Поначалу, в первые сто лет или около того (так ему казалось), он порой беспричинно вспоминал о прошлом и начинал терзаться. Лежа в темноте, повторял и повторял про себя: «Надо было зайти к Паришу прямо утром в тот день, когда поднялся ветер. Я ведь собирался. Когда первая черепица слетела, ее было легко закрепить. Тогда не простудилась бы госпожа Париш. Тогда и я не простудился бы. И у меня была бы еще неделя». Но постепенно он забыл, для чего ему была нужна эта лишняя неделя, и волноваться перестал. Теперь он думал только о работе, которую приходилось выполнять в Лазарете. Он научился планировать ее, рассчитывать время, за которое подобьет вот эту доску, чтобы она не скрипела, перевесит вон ту дверь или починит ножку у вон того стола. Наверное, он в самом деле начал приносить пользу, хотя ему об этом никто не говорил. И конечно, не ради этого беднягу так долго держали в Лазарете. Они, по-видимому, ждали, чтобы он «выздоровел», а о выздоровлении судили по своим странным лечебным меркам.
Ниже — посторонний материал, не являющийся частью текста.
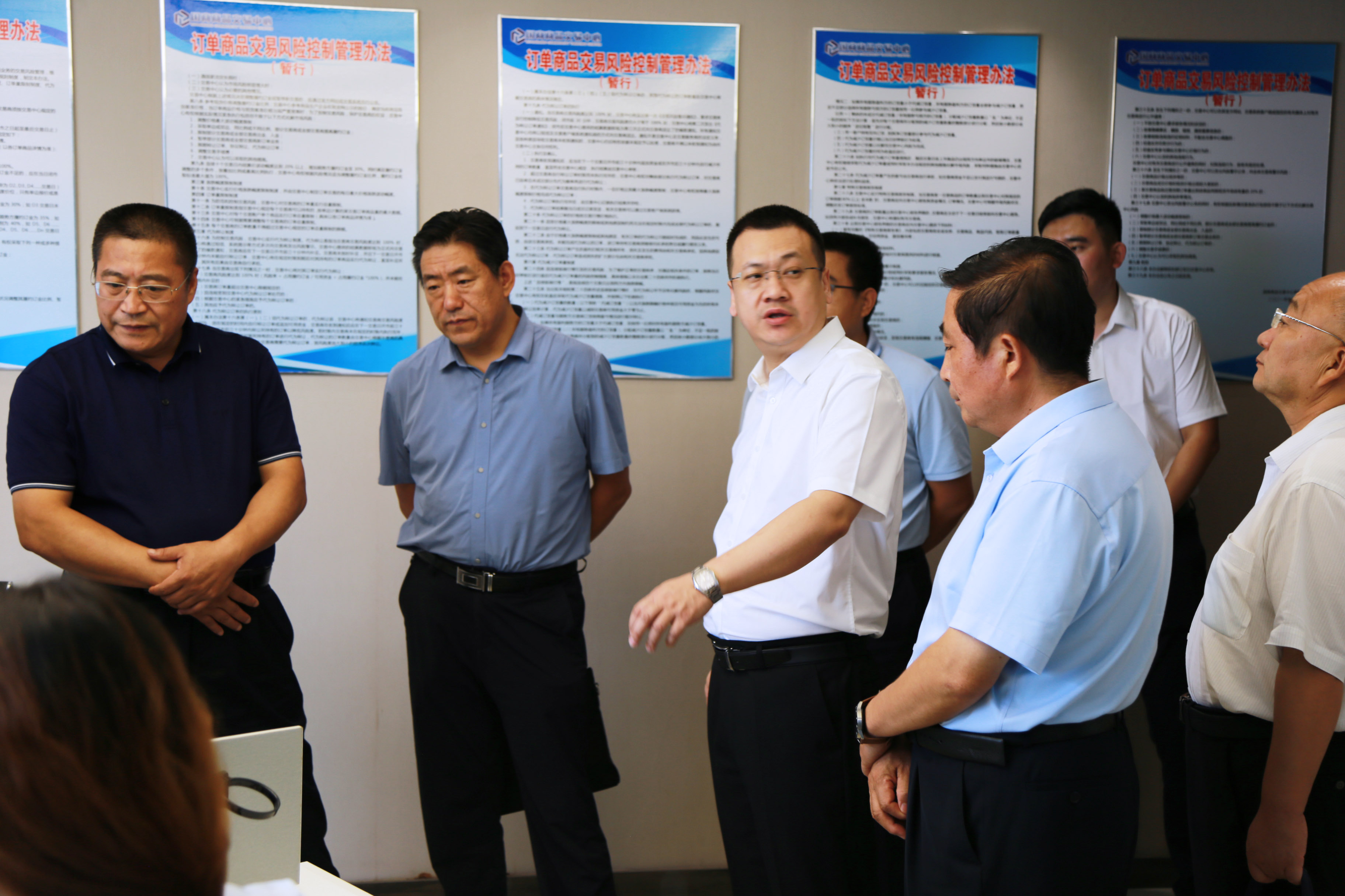 8月10日, 山东省地方金融监督管理局李坤道副局长一行到国商商品交易中心调研。泰安市地方金融监督管理局领导、泰安市泰山区金融监督管理局领导、泰安市泰山区财源街道领导、国商商品交易中心管理层参与座谈会。
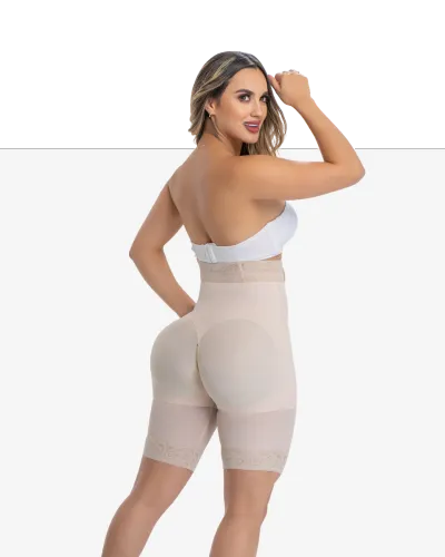 Short levanta glúteos que moldea y estiliza la silueta, con excelente ajuste y control del abdomen bajo, esta elaborado en powernet, cuenta con encaje siliconado en la parte de la cintura que no se enrolla, broches de tres posiciones que se ajustan a la silueta brindando mayor comodidad y ajuste, lleva una banda siliconada en la pierna que no se marca al utilizar prendas ajustadas, delicado diseño en la parte posterior que realza y moldea los glúteos haciendote lucir mas esbelta, realzando tus curvas.

Вот так, никакого удовольствия от жизни Ниггль не получал; точнее, не получал того, что привык считать удовольствием. Доволен он не был. Но нельзя отрицать того, что он начал чувствовать… ну, удовлетворение, что ли: когда варенья нет, а хлеба хватает. Теперь он мог начинать работу по звонку и немедленно откладывать по другому звонку, оставляя все в полном порядке, чтобы в любой момент продолжить. Он успевал много сделать за день, ловко справляясь со всеми мелкими делами. «Своего времени» у него не было (за исключением часов, когда он был один в каморке, где спал), но он понемногу становился хозяином времени: начинал понимать, для чего оно ему нужно. Ощущение того, что надо спешить, пропало. Пришел внутренний покой, и в часы отдыха он в самом деле отдыхал.